# Tree Hive.



## whiskers (Aug 28, 2011)

You are about to reinvent Cleo C Hogan's trapout method. He's already done that and is generous with his info, so search for his posts, find his email (often in his posts) and ask him to send you his stuff.

Answering as I believe he would-
Make the connection to the box as short as possible and of impervious material, a short wooden walkway or pvc pipe for example. The idea is to convince the bees that you have just added on a room for them to use so you don't want to ventilate the walkway. A cone would go inside the box and be used if you want to eliminate the bees from the tree.

Hopefully the queen will come out and lay in the box.

Perhaps as a super, but the idea is to provide an extension to the brood space.

Yes, as I remember, after the bees become accustomed to the box and move guards out to its entrance put in a frame of brood.

I don't think time of day is important.

Yes you can leave the box, manage it frame by frame, and take starts for several hives from it during the year.

Cleo- I hope I haven't mangled you method too badly.
Bill


----------



## Skeggley (Jul 25, 2015)

Excellent, just what I needed, thanks whiskers.

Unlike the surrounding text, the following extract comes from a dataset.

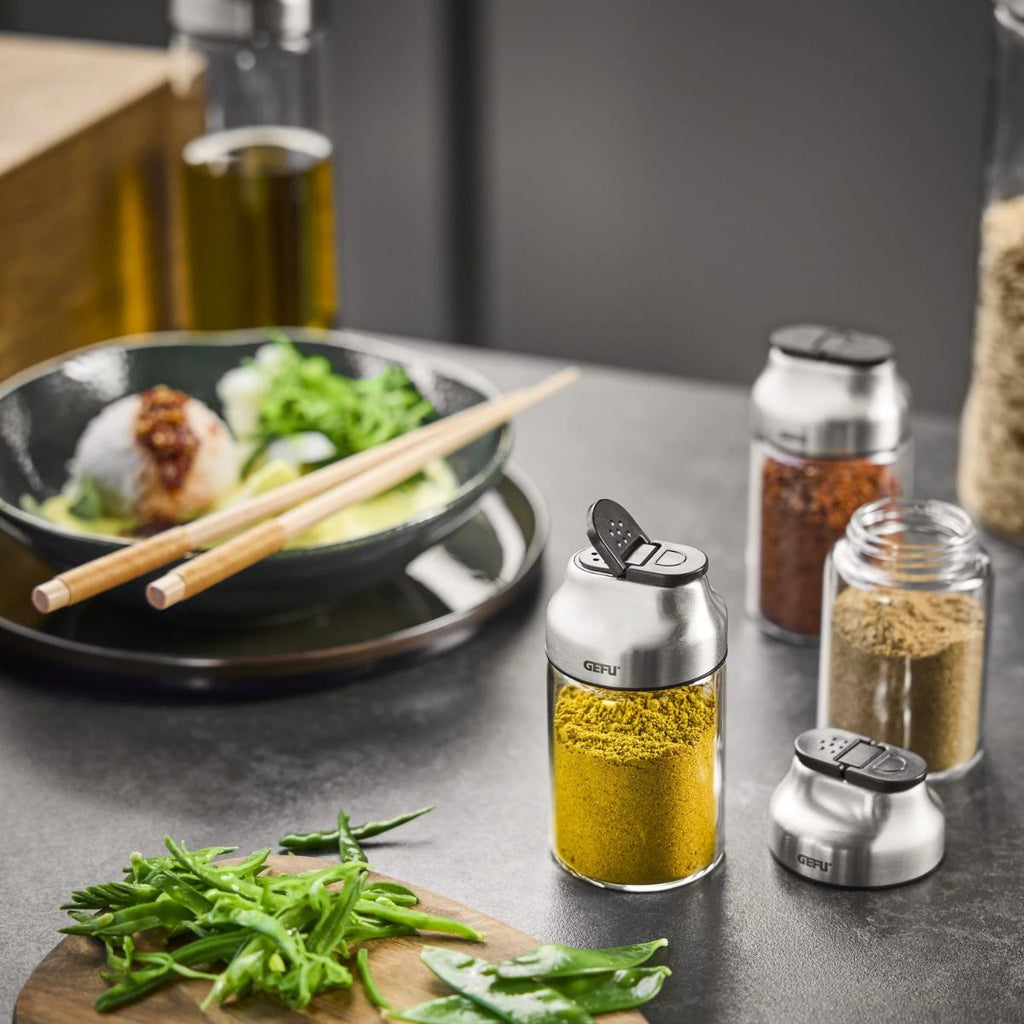 Das Gewürzglas Kippo Gefu ist die eleganteste und praktischste Art, deine Lieblingsgewürze und Kräuter aufzubewahren und zu dosieren. Hergestellt aus Borosilikatglas und Edelstahl, besticht es durch seine Robustheit, Transparenz und modernes Design, das es dir ermöglicht, den Inhalt leicht zu sehen und deine Gewürze stets perfekt organisiert und griffbereit zu halten.Jedes Glas ist so gestaltet, dass es im Küchenalltag maximalen Komfort bietet. Der Deckel mit doppelter Öffnung erlaubt dir, je nach Textur des Gewürzes oder benötigter Menge zwischen Streuen

Knew there would be some info just needed the key word 'cleo'. Plenty of experiences for me to peruse.


----------



## Cleo C. Hogan Jr (Feb 27, 2010)

Skeggley... Send me an email..... [email protected] I will send you a 12 page document that explains what Whiskers said, above, and has photos of traps in progress.

Yes, Whiskers, you nailed it.

cchoganjr


----------



## Skeggley (Jul 25, 2015)

Thanks Cleo, email sent.
I really appreciate your willingness to share, shame there aren't more people like you in this world.
I will endeavour to share my progress.


----------